ORDER Sunil Kumar Sinha, J. 1. Heard on admission. 2. This revision is directed against the order dated 28-8-2006 passed in Criminal Appeal No. 43/2006 by the IInd Additional Sessions Judge, Mahasamund (CG) by which learned ASJ has partly allowed the appeal of the applicant and while confirming the conviction dated 4-2-2006 under Section 138 of the Negotiable Instruments Act, 1881 reduced the quantum of sentence from 6 months' R.I. and fine of Rs. 51,000/- to sentence till rising the Court and fine of Rs. 55,000/-. It was further directed that out of Rs. 55,000/-,51,000/- shall be paid to the son of the complainant (since complainant has died during the pendency of appeal) and rest of the amount shall be paid to the State. 3. The brief facts are that the complainant-Amarnath had filed a complaint under Section 420, IPC and Section 138 of the Negotiable Instruments Act before the Trial Court inter alia pleading that on 3-3-1998, he had given Rs. 51,000/- to the applicant as the amount of loan and the applicant, had issued a cheque dated 29-5-2000 for repayment of the said amount payable at State Bank of Indore, Branch Mahasamund. The number of the cheque was 1312133 and it was dated 31-5-2000. The said cheque was produced for collection before Zila Sahakari Kendriya Bank Maryadit, Branch Mahasamund, which was returned unpaid on 1-6- 2000. On this, the complainant made contact with the applicant but he did not ratify the payment, thereafter, he served him a registered notice by post but no compliance was done and ultimately a complaint under the aforementioned Section of IPC and Negotiable Instruments Act was filed. 4. During the course of trial, the complainant examined himself and he also examined one Prasanjeet, Manager, State Bank of Indore, Mahasamund and Shesh Narayan, Clerk, Zila Sahakari Central Bank, Mahasamund. In the statement under Section 313, Cr.PC, the applicant took the defence that in fact, he had not taken any loan from the complainant rather he had given Rs. 51,000/- to him for some construction work and since the construction was not done, he had written a letter for "stop payment" due to which the payment was not made. 5. The Trial Court after, concluding the trial, held the applicant guilty of offence under Section 138 of the said Act and convicted him as aforementioned.
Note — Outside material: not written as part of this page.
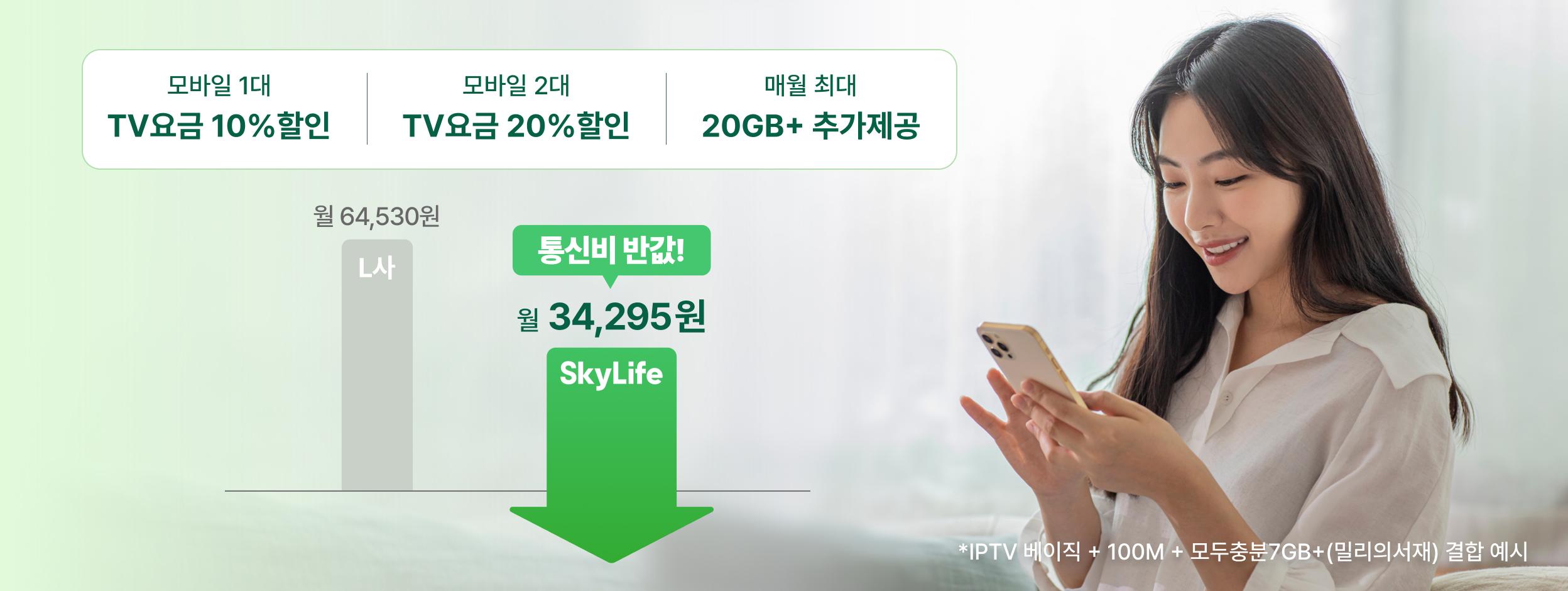 빠른 속도와 충분한 데이터로 즐기는TV+인터넷+모바일 결합 할인

51,000/- to him for some construction work and since the construction was not done, he had written a letter for "stop payment" due to which the payment was not made. 5. The Trial Court after, concluding the trial, held the applicant guilty of offence under Section 138 of the said Act and convicted him as aforementioned. In the appeal, the appeal against the said order was partly allowed by the impugned judgment, as stated above, against which this revision has been filed. 6. The conviction is based upon the testimony of the complainant and the above 2 witnesses. The Appellate Court observed vide Para 11 that though an application for stop payment was made by this applicant but at the relevant time, account of the applicant was possessing Rs. 48.40 paise only, therefore, even if application for stop payment would not have been made, the payment was not possible in favour of the respondent. In fact, Prasanjeet made this statement that in the relevant time, the account was possessing only Rs. 48.40 paise. 7. Learned Counsel for the applicant argues that it was a case of stop payment, therefore, an offence under Section 138 of the Negotiable Instruments Act would not be made out. 8. It is well settled law that the stop payment comes under the purview of Section 138 until accused prove that sufficient funds were there in account and stop payment notice was given to bank for some valid causes. Even if cheque is dishonoured by reason that payment of the cheques had been stopped by the drawer, complaint under Section 138 is maintainable. Even when the cheque is dishonoured by reason of stop payment instructions by virtue of Section 139, the Court has to presume that the cheque was received by the holder for the discharge, in whole or in part, of any debt or liability. Of course this is a rebuttable presumption. The accused can thus show that the 'stop payment' instruction were not issued because of insufficiency or paucity of funds.
Of course this is a rebuttable presumption. The accused can thus show that the 'stop payment' instruction were not issued because of insufficiency or paucity of funds. If the accused shows that in his account there was sufficient funds to clear the amount of the cheque at the time of presentation of the cheque for encashment at the drawer bank and that the stop payment notice had been issued because of other valid causes including that there was no existing debt or liability at the time of presentation of cheque for encashment, then offence under Section 138 would not be made out. The important thing is that the burden of so proving would be on the accused. (Please see M.M.T.C. Ltd. and Anr. vs. Medchl Chemicals and Pharma (P) Ltd. and Anr.). 9. If we apply the above principles in the present case, it would clear that in fact, there was no sufficient funds in the account of the applicant/accused on the date of presentation of the cheque and the Court below rightly rejected his defence of stop payment on account of such situation. 10. I do not find any illegality in the judgment of conviction upheld by the Appellate Court as also the order of sentence awarded by it. 11. The revision has no merits, the same is dismissed at the motion stage.